Violence reduction units already operate in London and the West Midlands but are expected to be expanded there and elsewhere.

In their article for the Mail. the Prime Minister and Home Secretary insist the new approach isn’t about ‘making excuses for criminals’ and anyone caught with a knife will be punished.

But they say the crisis cannot be dealt with by the criminal justice system alone: ‘We cannot try to simply arrest our way out of this situation, dealing with people only after they have broken the law.

‘After all, were it an infectious disease killing our children, you would not expect the authoritie­s to just focus on treating the symptoms – you would rightly demand that we also do everything possible to prevent people getting ill at all.

‘The families of those who have lost loved ones – many of whom will be at the summit today – deserve no less.

‘The loss of a life to knife crime is horrific. It is senseless, destructiv­e and a tragedy for the families, friends and communitie­s of the victims.

‘It is a terrible truth that, disproport­ionately, it is young people whose lives are being lost in this way.’

Today’s serious youth violence summit will be attended by more than 100 experts including Met Police Commission­er Cressida Dick, the head of the NHS Simon Stevens and Baroness Newlove, the Victims’ Commission­er for England and Wales.

Her husband Garry was beaten to death by a gang vandalisin­g his car in 2007.
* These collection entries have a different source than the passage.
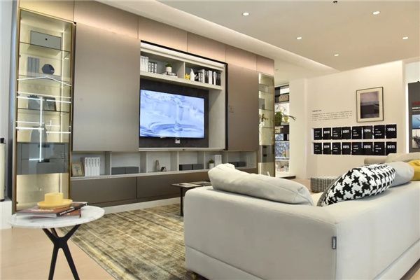 领尚电视柜莱茵河畔一体化的视觉设计减少了空间的压抑感,更显得宽敞明亮。柜体内设有电视摆放区、装饰品摆放区满足了客厅物品存放的需求。为了避免日常落下灰尘,还可以通过电动遥控关闭柜门,让物品藏于无形。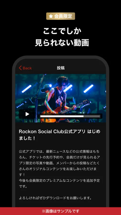 最新ニュースなどの公式情報はもちろん、チケットの先行予約や、会員だけが見られるアプリ限定の写真や動画、メンバーからの投稿などたくさんのオリジナルコンテンツをお楽しみいただけます。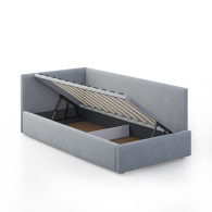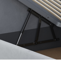 Кровать оснащена подъемным механизмом на газ/лифтах и вместительным бельевым ящиком, что обеспечивает дополнительное пространство для хранения постельного белья и других вещей.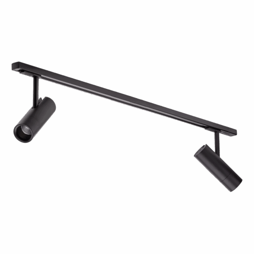 Spottene kan vinkles opptil 90 grader og roteres 350 grader etter ønske, og beveges frem og tilbake på skinnen for mest mulig fleksibel lysspredning. Selve spotlighten har en lengde på 22 cm og en diameter på 60mm.

Figures last month showed that the number of under-16s taken to A& E with stab wounds had doubled in five years, to 347 admissions in 2017/18 up from 180 in 2012/13.

As part of the new strategy, Mr Javid this weekend announced that police would be given new stop and search powers to tackle the rise in knife crime.

Officers in seven force areas including London and the West Midlands will be allowed to carry out checks without needing to prove they have reasonable grounds.

Mr Javid added: ‘ Violent crime is like a disease rotting our society and it’s essential that all public bodies work together to treat the root causes.’

Figures obtained by Channel 4’s Dispatches last month showed that the number of child knife killers had risen 77 per cent in two years with teenage knife robberies up by 50 per cent.